You should explain the main idea surrounding interest rates (Interest rates are the cost of borrowing money, where higher rates mean it’s more expensive for banks to borrow funds, which raises costs for consumers and small businesses…)

  1. Statement of Significance

The SoS is your “power line.” It accomplishes two things: 

  1. Wraps up your background
  2. Forces the judge to care by attaching impact(s)

It should act as the portion of the speech that really displays whyyour question matters, why it is important to consider, and makes the stakes more tangible for your judge to grasp. 

It should take up some version of

  • “But it’s when considering..”
  • “And that matters because…”
  • “No one should have to…”
  • “By the time I finish this speech…”

Peter Alisky looked something like this: “According to data from The Brady Center for preventing gun violence, this year, in just the time it takes me to finish this speech, one American will die from gun violence. Thus, it’s a matter of national significance that we ask today’s question…”

Example: “Will the Federal Reserve cut interest rates in 2026?”

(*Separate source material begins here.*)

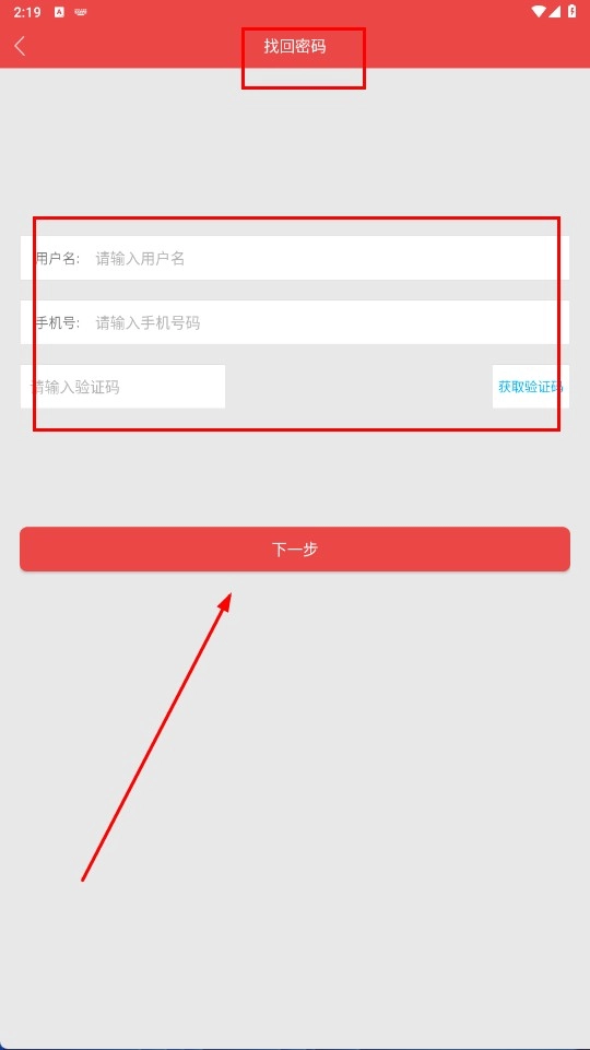 在密码找回页面,输入用户名和手机号,获取验证码后点击【下一步】按钮,即可完成密码找回的操作流程。

AGD: President Trump, when he entered office, promised America would reach “all new highs.” And he was right, because for a while, inflation hit heights most Americans hadn’t seen in decades.

Link: But unlike stock prices, inflation isn’t something you can just tweet down. It’s something the Federal Reserve has to choke off with policy.

Background: The Federal Reserve is the United States’ central bank. Its job is to keep prices stable and the labor market healthy, and its main tool for doing so is interest rates—the cost of borrowing money. When the Fed raises rates, it becomes more expensive for banks to borrow, which pushes up rates on mortgages, car loans, and credit cards. That slows consumer spending and business investment, cooling the economy and bringing inflation down. When the Fed cuts rates, borrowing gets cheaper, spending rises, and the economy speeds up. 

The New York Times explains on January 1st of 2026 that over the past two years, the Fed sharply raised rates to fight the post-pandemic inflation surge, pushing borrowing costs to their highest levels in more than two decades. While inflation has come down from its peak, it’s still hovering above the Fed’s 2 percent target, and the economy is showing signs of strain through tighter credit, slowing growth, and rising anxiety about a recession.

Cut rates too soon, and inflation could flare back up; keep rates too high for too long, and the economy could tip into contraction.

SOS: So it’s when considering that interest rates can be the deciding factor between whether families get relief on monthly payments, whether small businesses can afford to expand, and whether the labor market stays strong, or starts shedding jobs, that we must ask the question, 

Will the Federal Reserve cut interest rates in 2026?

Conclusion

At the end of your 60-90 second intro, your judge should feel three things:

  1. I understand the topic
  2. I understand why it matters now
  3. I want to hear this person’s answer

If you can consistently produce that, your intros won’t just be “good.” They’ll be the reason you win close rounds.